RECORDED INFORMATION:
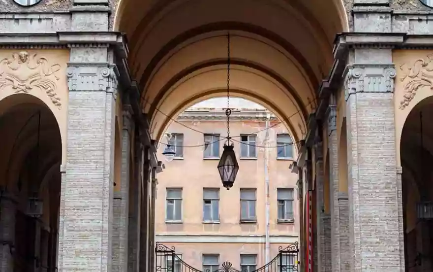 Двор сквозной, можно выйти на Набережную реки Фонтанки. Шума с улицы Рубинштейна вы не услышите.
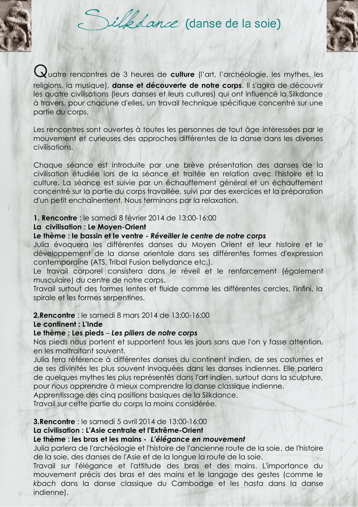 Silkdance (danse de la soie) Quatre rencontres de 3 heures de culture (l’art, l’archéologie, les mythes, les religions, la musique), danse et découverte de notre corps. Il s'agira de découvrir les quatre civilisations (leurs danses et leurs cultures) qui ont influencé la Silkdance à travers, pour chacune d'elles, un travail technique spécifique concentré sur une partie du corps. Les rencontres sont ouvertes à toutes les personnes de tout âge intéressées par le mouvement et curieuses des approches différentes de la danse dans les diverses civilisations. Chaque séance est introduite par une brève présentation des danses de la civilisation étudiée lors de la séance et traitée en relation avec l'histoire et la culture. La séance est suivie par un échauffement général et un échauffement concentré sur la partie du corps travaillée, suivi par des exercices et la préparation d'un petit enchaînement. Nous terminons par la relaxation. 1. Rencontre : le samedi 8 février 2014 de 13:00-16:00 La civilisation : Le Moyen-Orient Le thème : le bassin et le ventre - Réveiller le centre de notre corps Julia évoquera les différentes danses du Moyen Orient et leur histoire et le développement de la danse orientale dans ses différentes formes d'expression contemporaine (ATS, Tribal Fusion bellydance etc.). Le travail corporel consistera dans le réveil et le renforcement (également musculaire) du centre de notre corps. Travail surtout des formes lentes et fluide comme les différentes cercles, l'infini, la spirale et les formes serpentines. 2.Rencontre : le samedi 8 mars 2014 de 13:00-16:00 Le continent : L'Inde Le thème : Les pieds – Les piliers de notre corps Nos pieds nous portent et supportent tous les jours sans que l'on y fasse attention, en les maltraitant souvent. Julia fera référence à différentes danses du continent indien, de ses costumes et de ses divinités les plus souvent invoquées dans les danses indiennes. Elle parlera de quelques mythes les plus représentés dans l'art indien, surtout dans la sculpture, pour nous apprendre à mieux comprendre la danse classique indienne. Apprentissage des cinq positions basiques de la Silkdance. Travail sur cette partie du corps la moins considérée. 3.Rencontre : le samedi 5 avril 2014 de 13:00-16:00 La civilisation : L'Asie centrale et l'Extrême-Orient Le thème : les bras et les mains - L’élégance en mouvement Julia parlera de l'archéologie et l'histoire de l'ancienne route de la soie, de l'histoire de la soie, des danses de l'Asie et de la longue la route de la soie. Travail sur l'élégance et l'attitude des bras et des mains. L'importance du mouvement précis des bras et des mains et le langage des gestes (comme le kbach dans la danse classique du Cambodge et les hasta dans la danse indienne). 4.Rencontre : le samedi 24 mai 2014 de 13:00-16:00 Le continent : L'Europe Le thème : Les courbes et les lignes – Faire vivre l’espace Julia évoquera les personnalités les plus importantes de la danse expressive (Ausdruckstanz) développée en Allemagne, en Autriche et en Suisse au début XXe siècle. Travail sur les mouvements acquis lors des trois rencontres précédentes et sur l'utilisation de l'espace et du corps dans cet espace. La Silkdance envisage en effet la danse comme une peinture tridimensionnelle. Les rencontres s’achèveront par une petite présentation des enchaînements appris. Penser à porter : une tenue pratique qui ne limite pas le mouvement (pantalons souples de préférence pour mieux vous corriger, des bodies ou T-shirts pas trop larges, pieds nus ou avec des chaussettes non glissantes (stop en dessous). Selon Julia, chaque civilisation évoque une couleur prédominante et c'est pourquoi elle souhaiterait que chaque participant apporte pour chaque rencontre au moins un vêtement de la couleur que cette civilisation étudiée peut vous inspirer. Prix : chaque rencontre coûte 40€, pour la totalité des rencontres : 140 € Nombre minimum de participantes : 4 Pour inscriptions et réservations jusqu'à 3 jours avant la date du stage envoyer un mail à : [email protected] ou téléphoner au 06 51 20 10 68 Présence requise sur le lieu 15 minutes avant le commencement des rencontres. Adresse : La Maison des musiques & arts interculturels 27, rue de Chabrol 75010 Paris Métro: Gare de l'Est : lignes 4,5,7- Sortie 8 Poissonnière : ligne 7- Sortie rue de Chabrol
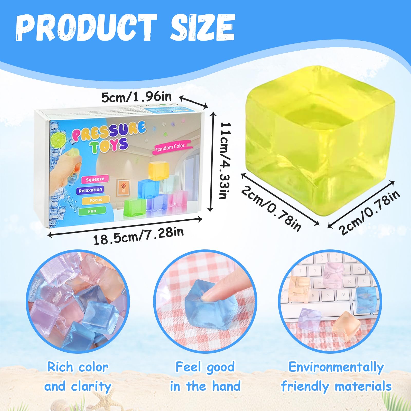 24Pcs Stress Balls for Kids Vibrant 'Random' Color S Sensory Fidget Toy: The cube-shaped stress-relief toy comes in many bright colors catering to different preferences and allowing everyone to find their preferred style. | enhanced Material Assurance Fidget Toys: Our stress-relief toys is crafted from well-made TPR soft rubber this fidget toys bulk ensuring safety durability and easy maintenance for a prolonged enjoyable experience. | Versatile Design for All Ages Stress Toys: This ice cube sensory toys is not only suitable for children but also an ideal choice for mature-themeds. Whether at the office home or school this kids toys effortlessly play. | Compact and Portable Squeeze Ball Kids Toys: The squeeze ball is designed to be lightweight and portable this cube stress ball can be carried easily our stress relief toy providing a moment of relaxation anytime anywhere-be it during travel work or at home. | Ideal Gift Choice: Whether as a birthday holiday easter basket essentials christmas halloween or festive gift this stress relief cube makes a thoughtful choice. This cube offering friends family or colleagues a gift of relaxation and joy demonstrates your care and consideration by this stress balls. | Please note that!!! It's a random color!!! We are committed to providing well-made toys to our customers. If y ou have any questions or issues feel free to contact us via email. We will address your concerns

WORK TO COMPLETE: Give back the full listing exactly, with pictures dropped.

ANSWER:
 Двор сквозной, можно выйти на Набережную реки Фонтанки. Шума с улицы Рубинштейна вы не услышите.
 Silkdance (danse de la soie) Quatre rencontres de 3 heures de culture (l’art, l’archéologie, les mythes, les religions, la musique), danse et découverte de notre corps. Il s'agira de découvrir les quatre civilisations (leurs danses et leurs cultures) qui ont influencé la Silkdance à travers, pour chacune d'elles, un travail technique spécifique concentré sur une partie du corps. Les rencontres sont ouvertes à toutes les personnes de tout âge intéressées par le mouvement et curieuses des approches différentes de la danse dans les diverses civilisations. Chaque séance est introduite par une brève présentation des danses de la civilisation étudiée lors de la séance et traitée en relation avec l'histoire et la culture. La séance est suivie par un échauffement général et un échauffement concentré sur la partie du corps travaillée, suivi par des exercices et la préparation d'un petit enchaînement. Nous terminons par la relaxation. 1. Rencontre : le samedi 8 février 2014 de 13:00-16:00 La civilisation : Le Moyen-Orient Le thème : le bassin et le ventre - Réveiller le centre de notre corps Julia évoquera les différentes danses du Moyen Orient et leur histoire et le développement de la danse orientale dans ses différentes formes d'expression contemporaine (ATS, Tribal Fusion bellydance etc.). Le travail corporel consistera dans le réveil et le renforcement (également musculaire) du centre de notre corps. Travail surtout des formes lentes et fluide comme les différentes cercles, l'infini, la spirale et les formes serpentines. 2.Rencontre : le samedi 8 mars 2014 de 13:00-16:00 Le continent : L'Inde Le thème : Les pieds – Les piliers de notre corps Nos pieds nous portent et supportent tous les jours sans que l'on y fasse attention, en les maltraitant souvent. Julia fera référence à différentes danses du continent indien, de ses costumes et de ses divinités les plus souvent invoquées dans les danses indiennes. Elle parlera de quelques mythes les plus représentés dans l'art indien, surtout dans la sculpture, pour nous apprendre à mieux comprendre la danse classique indienne. Apprentissage des cinq positions basiques de la Silkdance. Travail sur cette partie du corps la moins considérée. 3.Rencontre : le samedi 5 avril 2014 de 13:00-16:00 La civilisation : L'Asie centrale et l'Extrême-Orient Le thème : les bras et les mains - L’élégance en mouvement Julia parlera de l'archéologie et l'histoire de l'ancienne route de la soie, de l'histoire de la soie, des danses de l'Asie et de la longue la route de la soie. Travail sur l'élégance et l'attitude des bras et des mains. L'importance du mouvement précis des bras et des mains et le langage des gestes (comme le kbach dans la danse classique du Cambodge et les hasta dans la danse indienne). 4.Rencontre : le samedi 24 mai 2014 de 13:00-16:00 Le continent : L'Europe Le thème : Les courbes et les lignes – Faire vivre l’espace Julia évoquera les personnalités les plus importantes de la danse expressive (Ausdruckstanz) développée en Allemagne, en Autriche et en Suisse au début XXe siècle. Travail sur les mouvements acquis lors des trois rencontres précédentes et sur l'utilisation de l'espace et du corps dans cet espace. La Silkdance envisage en effet la danse comme une peinture tridimensionnelle. Les rencontres s’achèveront par une petite présentation des enchaînements appris. Penser à porter : une tenue pratique qui ne limite pas le mouvement (pantalons souples de préférence pour mieux vous corriger, des bodies ou T-shirts pas trop larges, pieds nus ou avec des chaussettes non glissantes (stop en dessous). Selon Julia, chaque civilisation évoque une couleur prédominante et c'est pourquoi elle souhaiterait que chaque participant apporte pour chaque rencontre au moins un vêtement de la couleur que cette civilisation étudiée peut vous inspirer. Prix : chaque rencontre coûte 40€, pour la totalité des rencontres : 140 € Nombre minimum de participantes : 4 Pour inscriptions et réservations jusqu'à 3 jours avant la date du stage envoyer un mail à : [email protected] ou téléphoner au 06 51 20 10 68 Présence requise sur le lieu 15 minutes avant le commencement des rencontres. Adresse : La Maison des musiques & arts interculturels 27, rue de Chabrol 75010 Paris Métro: Gare de l'Est : lignes 4,5,7- Sortie 8 Poissonnière : ligne 7- Sortie rue de Chabrol
 24Pcs Stress Balls for Kids Vibrant 'Random' Color S Sensory Fidget Toy: The cube-shaped stress-relief toy comes in many bright colors catering to different preferences and allowing everyone to find their preferred style. | enhanced Material Assurance Fidget Toys: Our stress-relief toys is crafted from well-made TPR soft rubber this fidget toys bulk ensuring safety durability and easy maintenance for a prolonged enjoyable experience. | Versatile Design for All Ages Stress Toys: This ice cube sensory toys is not only suitable for children but also an ideal choice for mature-themeds. Whether at the office home or school this kids toys effortlessly play. | Compact and Portable Squeeze Ball Kids Toys: The squeeze ball is designed to be lightweight and portable this cube stress ball can be carried easily our stress relief toy providing a moment of relaxation anytime anywhere-be it during travel work or at home. | Ideal Gift Choice: Whether as a birthday holiday easter basket essentials christmas halloween or festive gift this stress relief cube makes a thoughtful choice. This cube offering friends family or colleagues a gift of relaxation and joy demonstrates your care and consideration by this stress balls. | Please note that!!! It's a random color!!! We are committed to providing well-made toys to our customers. If y ou have any questions or issues feel free to contact us via email. We will address your concerns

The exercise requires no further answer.